## [Work order]
From the line containing "قال صاحب الكشاف: قوله: مِنْ" through the last line below, copy every line exactly, leaving out the pictures.

## [Provided material]
Content starts
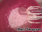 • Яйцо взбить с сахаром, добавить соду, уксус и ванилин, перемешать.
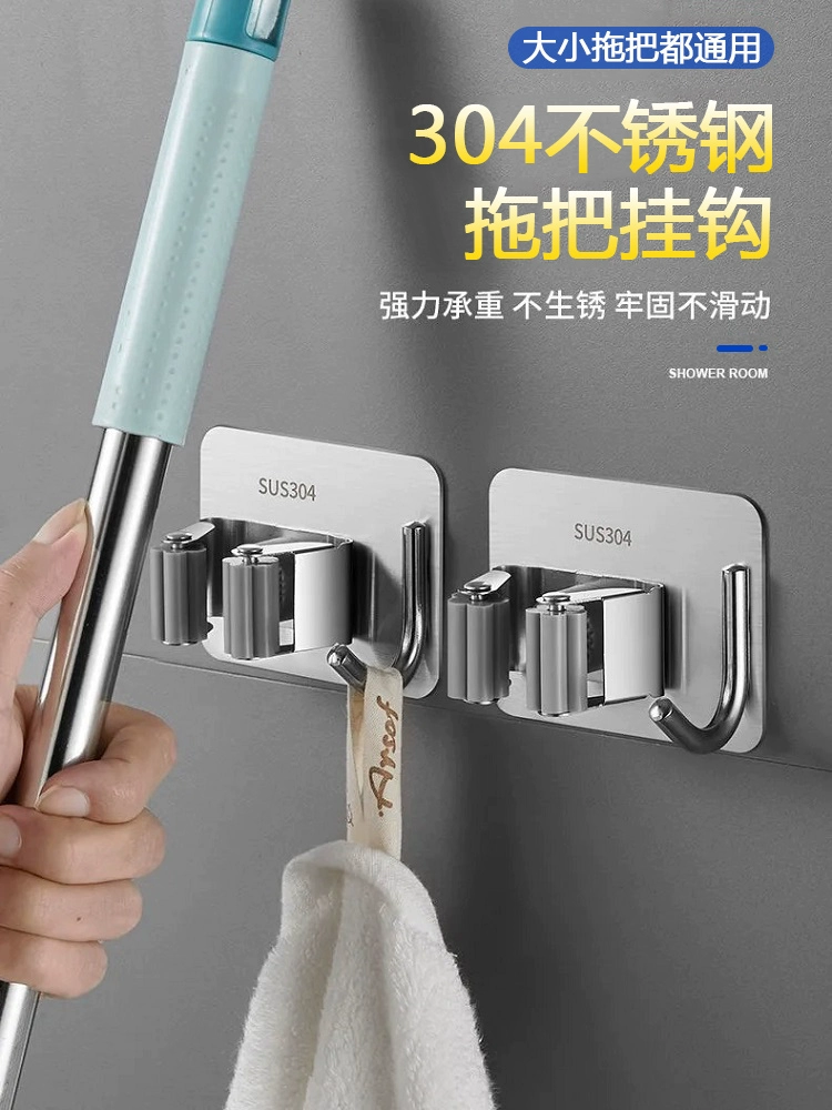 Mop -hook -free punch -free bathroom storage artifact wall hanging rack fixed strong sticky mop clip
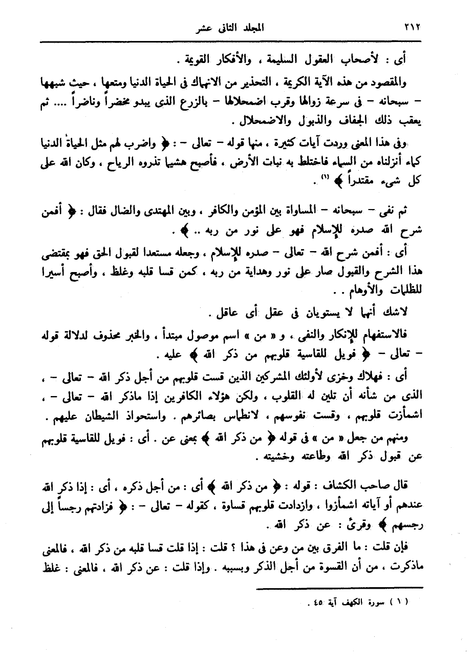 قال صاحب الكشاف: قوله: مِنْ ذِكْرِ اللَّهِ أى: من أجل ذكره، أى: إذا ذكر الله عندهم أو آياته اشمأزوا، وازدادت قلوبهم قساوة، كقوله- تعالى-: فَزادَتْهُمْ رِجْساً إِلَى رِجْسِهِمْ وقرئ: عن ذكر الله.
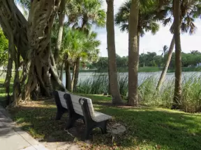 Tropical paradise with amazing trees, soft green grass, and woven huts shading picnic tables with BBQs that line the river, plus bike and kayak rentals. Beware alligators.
Content ends
## [Your response]
 قال صاحب الكشاف: قوله: مِنْ ذِكْرِ اللَّهِ أى: من أجل ذكره، أى: إذا ذكر الله عندهم أو آياته اشمأزوا، وازدادت قلوبهم قساوة، كقوله- تعالى-: فَزادَتْهُمْ رِجْساً إِلَى رِجْسِهِمْ وقرئ: عن ذكر الله.
 Tropical paradise with amazing trees, soft green grass, and woven huts shading picnic tables with BBQs that line the river, plus bike and kayak rentals. Beware alligators.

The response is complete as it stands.